As a case study, we selected curcumin and paclitaxel as the parent compounds. Using chemical, biochemical, and metabolic transformation rules, a total of 1299 and 1497 unique derivatives were generated. For the chemical and biochemical transformations, the parameters were configured to perform two iterations. For the metabolic transformations, we selected environmental microbial transformation rules, with the parameters set to perform three iterations. Each iteration was designed to predict up to 30 derivatives. These derivatives spanned a broad chemical space, as visualized using Morgan fingerprints projected onto a U-Map, where the derivatives exhibited significant structural variation. Moreover, the chemical spaces covered by the different types of transformations exhibited distinct characteristics.

We compared the structural similarity between the derivatives and corresponding substrates and visualized the distribution trends using frequency distribution histograms. The chemical and biochemical transformations typically yielded derivatives with higher similarity to the substrates, as these processes primarily involved the addition or modification of functional groups. This is largely due to the prevalence of such reaction rules in transformation databases. In contrast, the metabolic transformations generated derivatives with greater structural diversity, often introducing more significant changes such as ring closures, chain elongations, or bond breakage. These distinctions underscore the unique capabilities of each transformation approach in exploring diverse regions of chemical space.

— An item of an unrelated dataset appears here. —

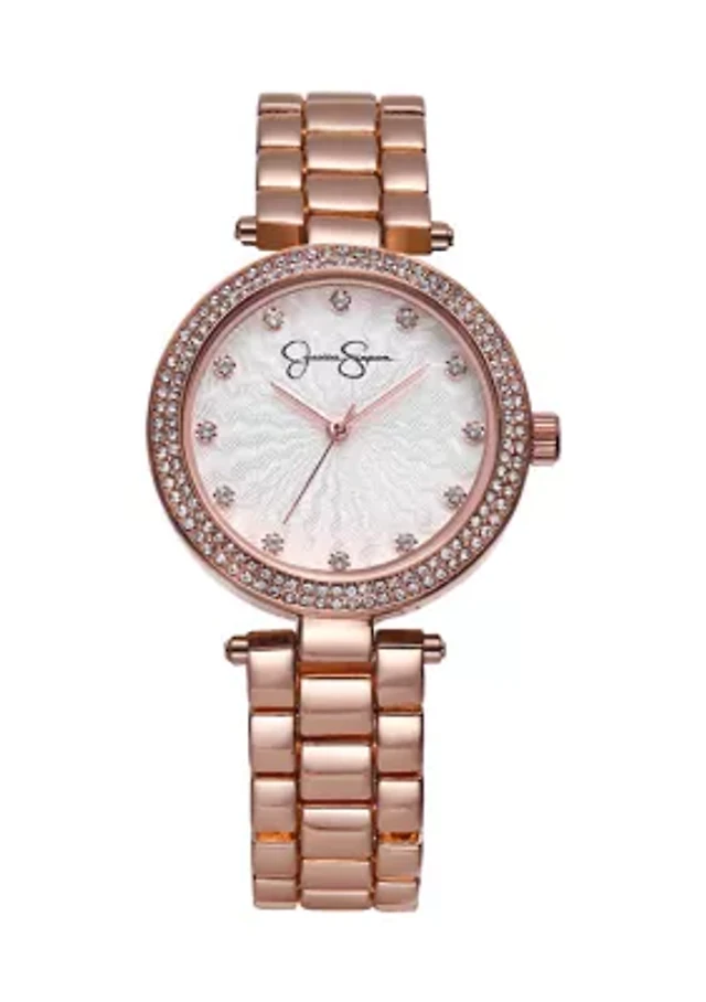 Silver Tone Rose Mettalized Bezel Bracelet Watch

Considering synthetic complexity, the SCScore values for the derivatives of paclitaxel were generally higher than those for curcumin. This is likely due to the inherently more complex chemical structure of paclitaxel. For derivatives of the same substrate, the distributions of SCScore values for the chemical and biochemical transformations were relatively similar, while those for the metabolic transformations were more dispersed, reflecting greater structural variability (Figure 3).

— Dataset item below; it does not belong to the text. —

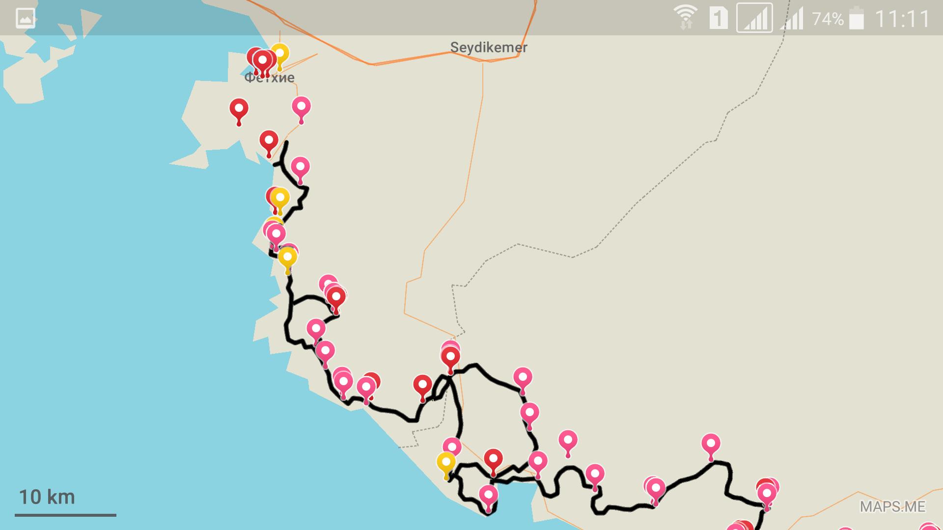Западный маршрут: Фетхие, Олюдениз, Фаралия, Алынча, Бель, Патара, Калкан, Каш, Гелидония. Это идеальный вариант для зимних месяцев — здесь теплее, большой выбор жилья (можно не ночевать в палатке), есть магазины, нет серьезных подъемов в горы и можно спуститься к красивым пляжам. При желании можно пропустить трудные или неинтересные участки, например, 40 км от Демре к Финике, проехав на маршрутке.

Figure 3. Visualization and analysis of generated derivatives. The U-Map projection illustrates the distribution of the derivatives in chemical space, highlighting the structural diversity (left). The Tanimoto similarity histograms depict the structural similarity between the derivatives and their parent compounds, showing the impact of the different transformation types (middle). The SCScore distributions compare the synthetic complexity of the derivatives, indicating variations based on the transformation methods and parent compound structures (right).

2.3.2. Pharmacological Active Prediction

Previous studies have demonstrated the potential inhibitory activity on the epidermal growth factor receptor (EGFR) of curcumin [33,34]. The pretrained CNN model was used to predict the affinity between the derivatives and their original target proteins [35]. As a demonstration, we utilized DerivaPredict’s functionality to explore the pharmacological potential of the generated derivatives by predicting their affinity for the EGFR using in silico docking methods. The goal was to showcase the software’s feature that predicts the binding potential of novel curcumin derivatives. While the algorithms and models used are derived from published works, benchmarking the accuracy of these predictions is beyond the scope of this study.

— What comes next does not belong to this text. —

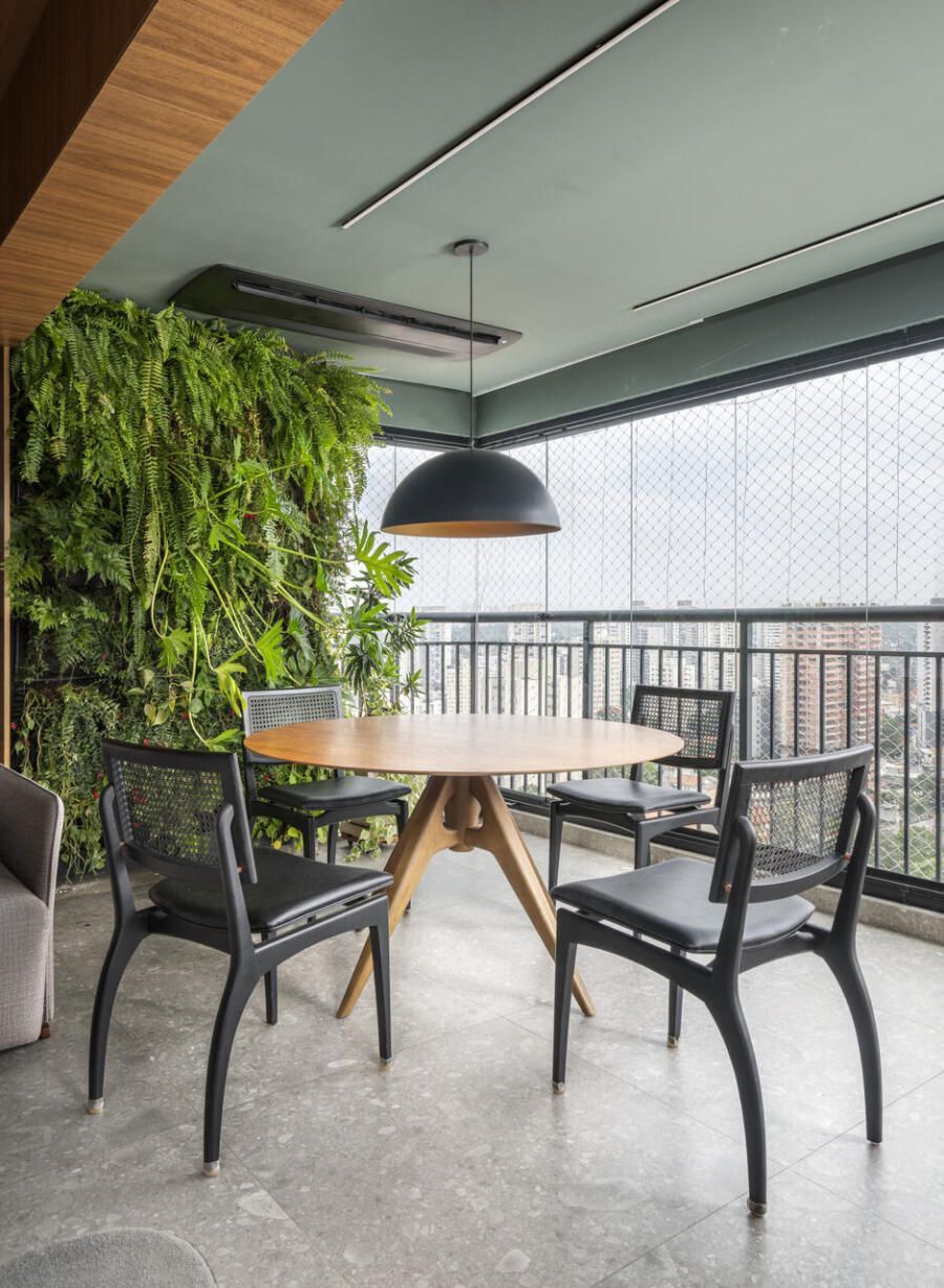 “Quando pensamos em nosso apartamento, queríamos um lar que refletisse nossa identidade e fosse acolhedor para nós e nossos pets. A Shirlei Proença conseguiu traduzir esse desejo trabalhado em alguns momento de boas trocas de ideias, com sensibilidade e criatividade, trazendo vida através de nosso jardim vertical com plantas naturais, com nossa mesa de jantar onde adoramos fazer nossas refeições olhando a vista, sobretudo à noite, e personalizando cada espaço de forma única, buscando sair do óbvio.”

Among the derivatives, 737 were predicted to have an IC50 lower than that of curcumin. Two example chemical structures, with their predicted IC50 values, are shown in Figure 4, along with their predicted affinity for the EGFR, comparing them to curcumin. To validate these predictions, we employed AutoDock Vina to calculate the docking scores based on the three-dimensional structure of the EGFR (PDB ID: 1M17). We compared the binding modes of curcumin and the derivative with the highest predicted binding affinity in complex with the EGFR. Molecular docking simulations revealed that the derivative similarly binds the EGFR to curcumin. However, the derivative exhibited tighter binding compared to curcumin, likely due to additional favorable interactions such as stronger hydrogen bonding and hydrophobic interactions.

Figure 4. Structures, docking scores, and predicted IC50 of curcumin and its derivatives.

Notably, Derivative 1 (CHEMBL103410) is registered in the ChEMBL database, with the Max Phase listed as “Preclinical”. Although no experimental data specifically targeting the EGFR are available, prior in silico studies have validated that this compound has a higher binding affinity to the EGFR compared to curcumin. Additionally, the contact sites of the EGFR for this derivative align closely with our study, providing further evidence of its potential as an EGFR inhibitor [33,34].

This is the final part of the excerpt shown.